Selon lui, la manière dont le statut de Thierry Henry a été géré a fragilisé l’équilibre du groupe avant même le début de la compétition. «Tu le fais comme tu le fais, je pense qu’il y a des choses qui se font et d’autres qui se font différemment. Quand tu pars là-dedans… J’ose imaginer que si Thierry avait toujours été le visage autoritaire de cette équipe, ça aurait pu se passer différemment. Je le pense sincèrement», affirme Clichy.

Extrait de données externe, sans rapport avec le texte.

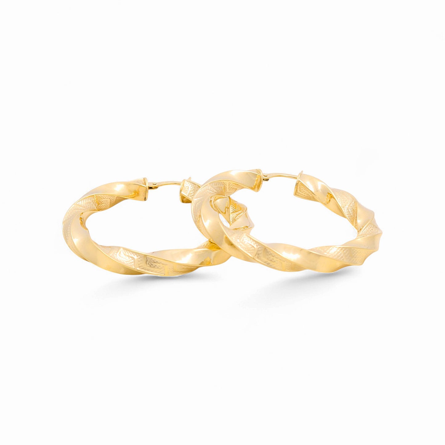 14K Yellow Gold Twist Hoops Earrings with Greek / Size: 5mmx30mm / Weight: 4.5 GR /
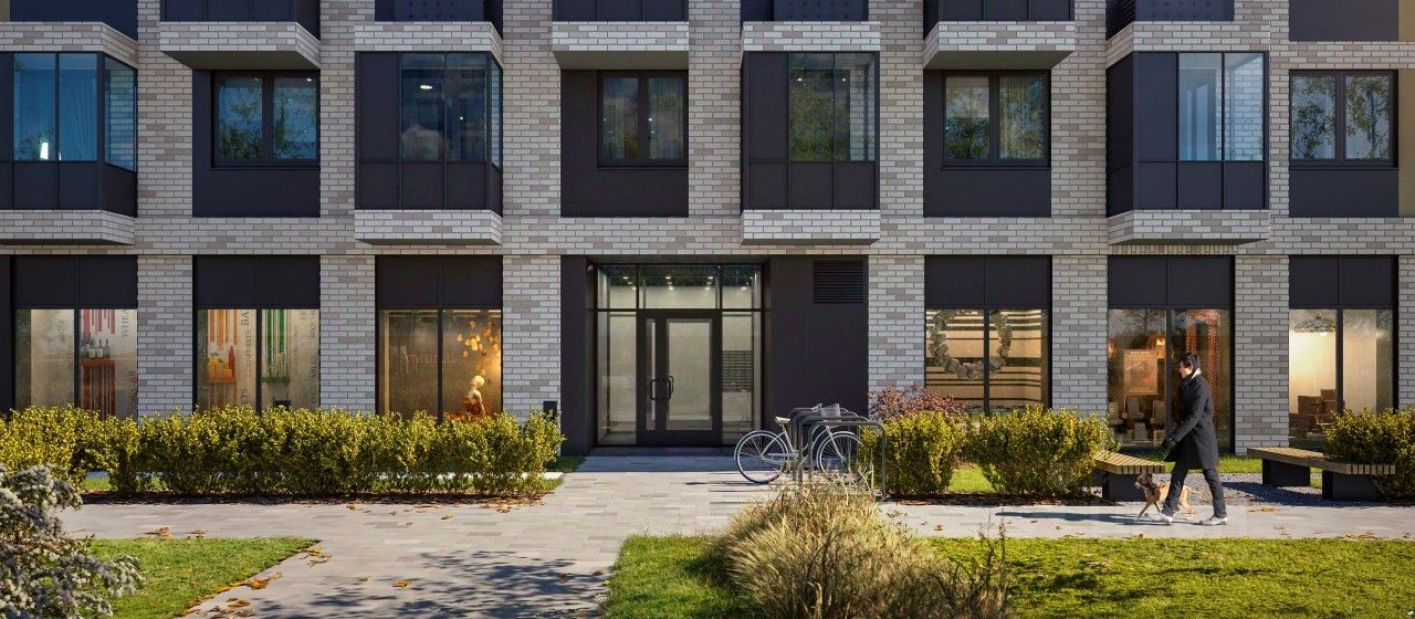 Входы в подъезды ''Северного парка'' мы сделаем на уровне земли для комфортного перемещения по территории квартала любым способом: пешком, на самокате или с коляской. Благодаря панорамному остеклению, которое пропускает много естественного света, первые этажи будут просторные и светлые.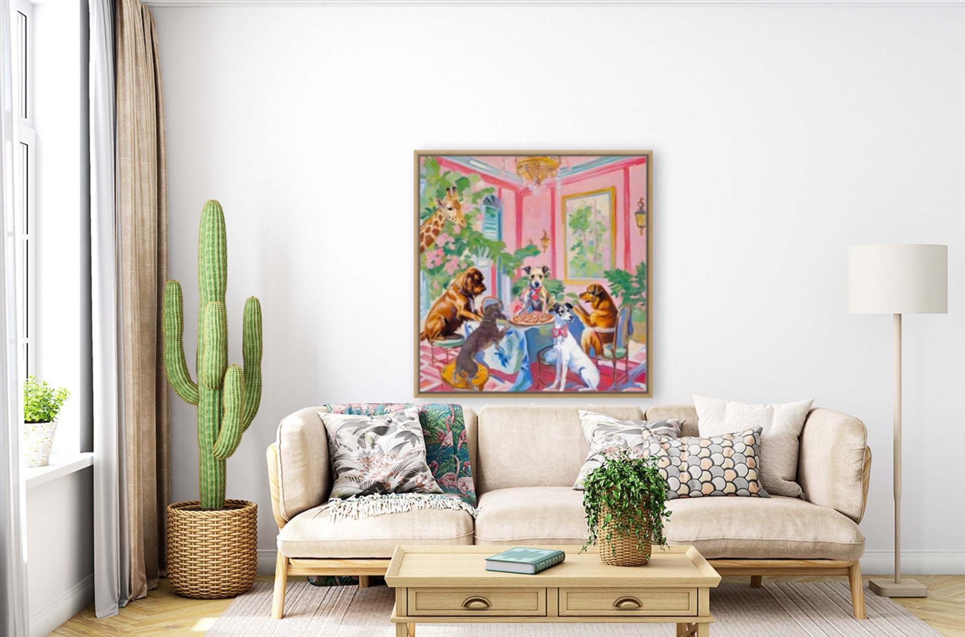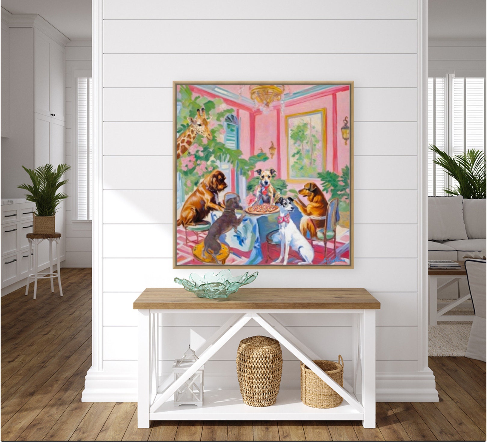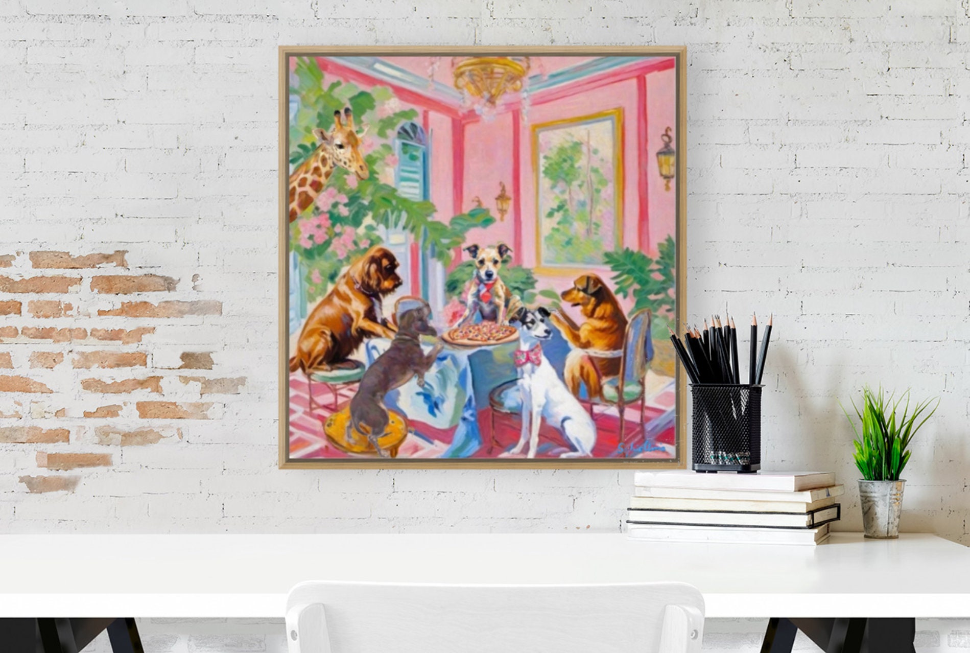 So whimsical and fun! Dogs at a pizza party! Not to mention an unexpected giraffe visitor! Love the surprise! Can't wait to add this to my dog themed gallery! Thank you again for your amazing talent and use of colors! 🥰
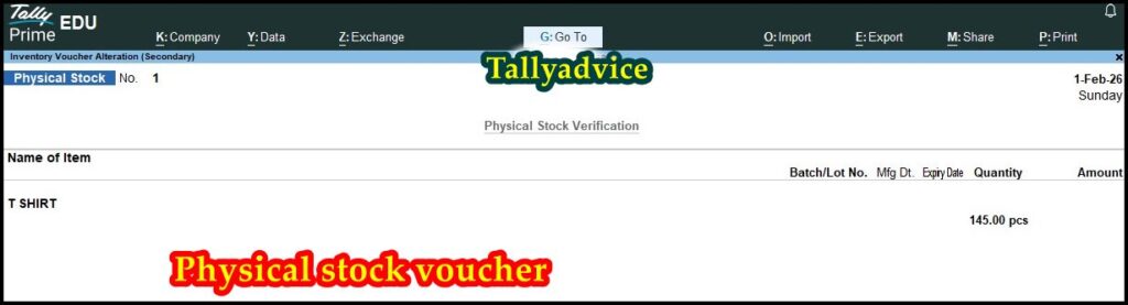 Physical Stock Voucher in Tally prime फिजिकल स्टॉक वाउचर की एंट्री कब करे ?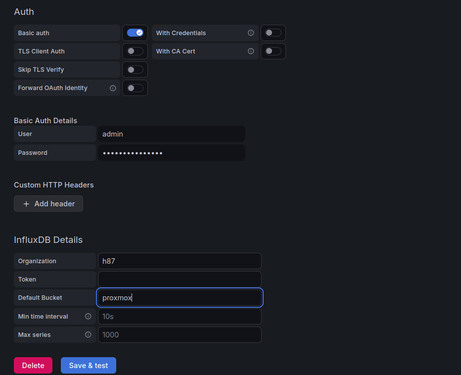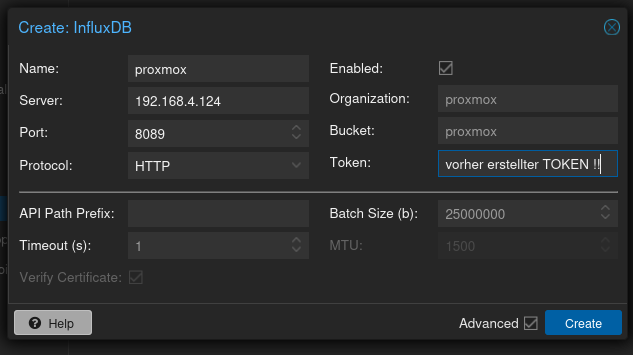 Fertig Proxmox sendet jetzt daten an Influxdb2
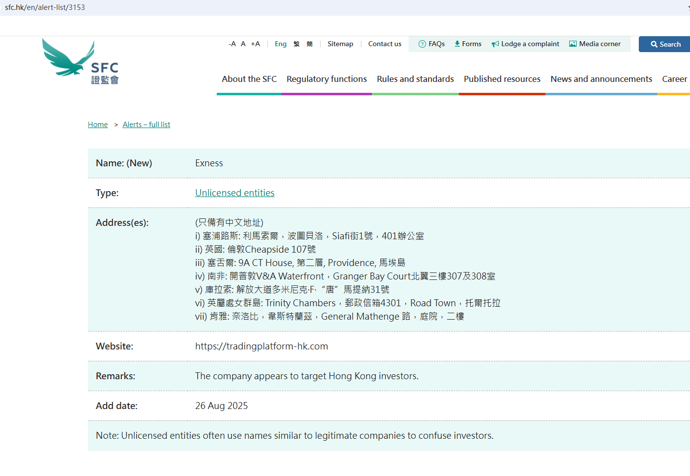 On Aug 26, 2025, the Securities And Futures Commission(SFC) issued a warning against tradingplatform-hk.com, believing this company might be providing financial services or products without proper authorization in the HK. https://www.sfc.hk/en/alert-list/3153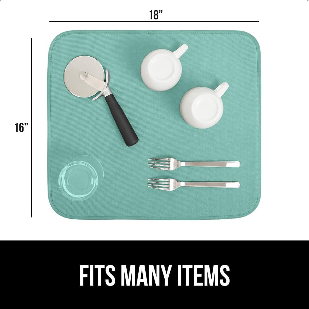 GORILLA GRIP Ultra Water Absorbent Microfiber Dish Drying Mat, Quick Dry Thick Mesh, Slip Resistant Pad for Sink Dishes or Under Rack, Kitchen Counter Accessories, 16x18, Machine Wash Mats, Mint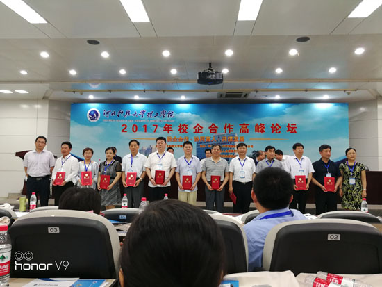 | 河北科技大學理工學院成立于2001年,是經(jīng)河北省人民政府批準、教育部首批確認,由河北科技大學舉辦的全日制本科層次獨立學院,是河北省首批應(yīng)用轉(zhuǎn)型發(fā)展試點高校。 2017年6月2日在河北科技大學學術(shù)報告廳召開了以“校企合作、協(xié)同育人、共謀發(fā)展”為主題的校企合作高峰論壇會議。 會上我公司被河北科技大學理工學院確定為“校企聯(lián)合培養(yǎng)實踐基地”,并授牌,會上我公司董事長劉占查和編譯部主任強紅心還被聘請為“校企聯(lián)合培養(yǎng)指導老師”,并頒發(fā)了聘書。

De son côté, Raphaël Domenach a révélé un autre élément important concernant la gestion de Nicolas Anelka durant le tournoi. Selon le journaliste, l’attaquant de Chelsea FC aurait clairement averti Raymond Domenech avant le match contre le Mexique. «Raymond Domenech est prêt à ne pas emmener Thierry Henry à la Coupe du monde comme il n’est pas sûr de le mettre titulaire. Il se dit : “olala, soit il va me foutre le bordel soit ce n’est pas respectueux pour lui”. Et Titi lui dit : “non, je suis Français”. Le mal est déjà fait», raconte Domenach. Mais le problème concernait également le positionnement de Nicolas Anelka à la pointe de l’attaque. «Il est aussi fait avec Nico Anelka. Je sais qu’il va voir Nicolas Anelka et qu’il dit au sélectionneur : ‘moi, tout seul devant, ça le fait pas. Autrement avec plaisir, mais tout seul devant ça ne le fait pas’. Et il le met tout seul devant», poursuit le journaliste.